All manipulations should take place in tightly closed-in apparatus provided with exhaust, and the gases drawn off should be absorbed or effectively carried away. In the case of many injurious gases it is not sufficient merely to conduct them into the flue; they ought to be condensed and got rid of. Thus acid fumes (nitrous fumes, sulphur dioxide, hydrochloric acid vapour, chlorine gas) are neutralised by water or milk of lime, or a solution of soda; ammonia or alcohol by water; sulphuretted hydrogen and arseniuretted hydrogen by lime and oxide of iron; aniline, &c., by dilute acids.
Production of nitrobenzene, by nitrating benzene requires to be done in closed apparatus, provided with mechanical agitators. In the subsequent separation of the nitrating acids from the resulting nitro-compounds, escape of vapourised nitro-compounds can scarcely be avoided even if closed apparatus is used. Provision, therefore, must be made for abundant ventilation of the workrooms. The reduction of the nitro-compounds (nitrobenzene, nitrotoluene) to aniline (toluidine) must similarly take place in closed agitating vessels. Introduction of the iron filings and sulphuric or hydrochloric acids, also the subsequent saturation with lime, and driving over of the aniline, &c., with steam, and collection of the distillate, must take place in completely closed apparatus. Nevertheless, escape of small quantities of aniline is very difficult to prevent unless ample ventilation is provided.

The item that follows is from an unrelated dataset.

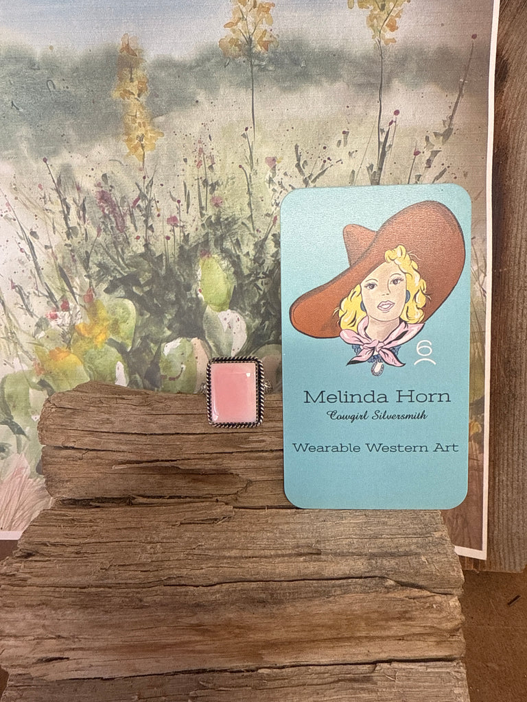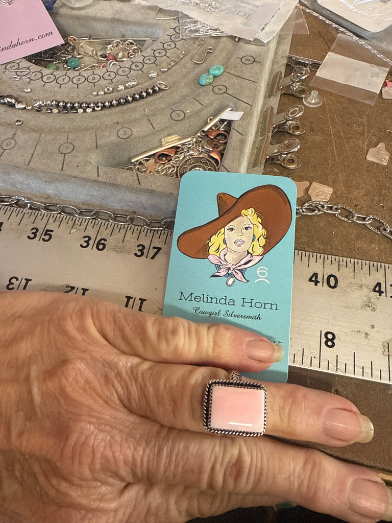 Pretty pale pink conch set in sterling and fine silver. Floral band sterling size 9. All sales final on rings. No resizing
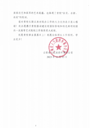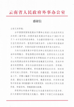 云南省人民政府外事办公室致十大买球的正规网站感谢信

In the production of fuchsin by heating aniline hydrochloride (toluidine, red oil) with nitrobenzene (formerly arsenic acid) in closed vessels, furnished with mechanical stirring apparatus the aniline remaining unconverted after the melting escapes in the form of steam carrying aniline fumes, even with careful condensation, so that thorough ventilation and the other general measures for the protection of workers set forth on pp. 242 et seq. are required.
Marked injury to health and distress to workers through acid fumes are sometimes caused by the denitration of the waste mixture of sulphuric and nitric acids in the nitrating process, that is, by the separation of nitric acid from the acid mixture. This denitration takes place usually in the Glover towers of the lead chamber system which is often associated with the manufacture of aniline. The mixed nitro-compounds of the waste acids, however, are often not completely condensed, but pass through the chambers and Gay-Lussac towers and escape into the air, whence arises the constant smell of nitrobenzene in aniline factories (Leymann). In the production of naphthylamine and recovery of chlorinated products, escaping chlorine should be led into chloride of lime chambers, hydrochloric acid fumes into towers to be absorbed by water and milk of lime or a solution of soda.
In aniline factories danger can scarcely be wholly avoided, as the workers, on the one hand, come into contact with poisonous substances, nitrobenzene, aniline, &c., and on the other hand, in spite of all technical hygienic measures, can hardly help breathing in some of the aniline. Apart from the technical regulations, therefore, there must be insistence on cleanliness of the workrooms, personal cleanliness on the part of the workers (washing, baths, working suits, cloak-rooms, &c.). Besides this, contact with aniline, nitrobenzene, &c., wetting of the body and clothes with these substances, and, especially spilling, splashing, and scattering these fluids must be carefully avoided. The workers require to be suitably instructed as to the symptoms of nitrobenzene and aniline poisoning, and the right steps to take, if poisoned. The oxygen apparatus must always be at hand, ready for use; the workers must be instructed how to use it. Further, workers, especially those newly employed, must be under supervision in order that assistance may be rendered them on the first signs of poisoning; medical assistance ought to be within easy reach. Workers also should know of the tendency of aniline to cause cancer of the bladder.
Precautions against the poisonous nitro-derivatives of benzene (nitrophenol, picric acid, &c.), which are in the form of poisonous dust, must take the form of entirely closed-in grinding and packing apparatus, or, at all events, removal of the dust at its source.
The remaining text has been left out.